What you are asked to do: Every line below from the one containing "Комфортное летнее платье" through the one containing "아래의 그래프는 30일동안" must be transcribed exactly. Omit all lines outside that stretch.

Data listing:
****************
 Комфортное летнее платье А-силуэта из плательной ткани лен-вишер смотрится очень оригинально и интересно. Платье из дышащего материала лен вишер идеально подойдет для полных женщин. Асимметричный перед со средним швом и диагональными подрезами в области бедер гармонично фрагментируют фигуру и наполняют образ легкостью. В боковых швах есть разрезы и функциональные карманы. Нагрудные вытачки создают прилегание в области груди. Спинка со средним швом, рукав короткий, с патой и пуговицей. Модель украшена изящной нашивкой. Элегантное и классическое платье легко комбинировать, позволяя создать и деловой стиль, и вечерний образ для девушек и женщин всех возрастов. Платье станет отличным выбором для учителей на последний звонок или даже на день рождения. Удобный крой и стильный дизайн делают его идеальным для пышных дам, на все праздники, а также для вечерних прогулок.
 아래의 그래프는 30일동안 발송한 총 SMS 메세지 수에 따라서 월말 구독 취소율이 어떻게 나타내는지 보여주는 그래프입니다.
****************
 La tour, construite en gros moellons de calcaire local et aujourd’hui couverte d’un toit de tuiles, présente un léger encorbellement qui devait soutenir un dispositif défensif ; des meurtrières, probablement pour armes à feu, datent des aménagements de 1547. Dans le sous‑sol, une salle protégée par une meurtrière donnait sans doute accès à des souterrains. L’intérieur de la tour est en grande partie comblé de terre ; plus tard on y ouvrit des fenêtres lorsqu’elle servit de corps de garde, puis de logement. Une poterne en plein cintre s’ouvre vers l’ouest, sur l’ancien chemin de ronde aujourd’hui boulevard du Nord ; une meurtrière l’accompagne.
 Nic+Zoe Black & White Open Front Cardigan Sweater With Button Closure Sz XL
****************
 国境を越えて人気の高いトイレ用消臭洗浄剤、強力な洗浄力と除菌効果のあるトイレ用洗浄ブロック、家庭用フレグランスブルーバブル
****************
Response to the task:
 Комфортное летнее платье А-силуэта из плательной ткани лен-вишер смотрится очень оригинально и интересно. Платье из дышащего материала лен вишер идеально подойдет для полных женщин. Асимметричный перед со средним швом и диагональными подрезами в области бедер гармонично фрагментируют фигуру и наполняют образ легкостью. В боковых швах есть разрезы и функциональные карманы. Нагрудные вытачки создают прилегание в области груди. Спинка со средним швом, рукав короткий, с патой и пуговицей. Модель украшена изящной нашивкой. Элегантное и классическое платье легко комбинировать, позволяя создать и деловой стиль, и вечерний образ для девушек и женщин всех возрастов. Платье станет отличным выбором для учителей на последний звонок или даже на день рождения. Удобный крой и стильный дизайн делают его идеальным для пышных дам, на все праздники, а также для вечерних прогулок.
 아래의 그래프는 30일동안 발송한 총 SMS 메세지 수에 따라서 월말 구독 취소율이 어떻게 나타내는지 보여주는 그래프입니다.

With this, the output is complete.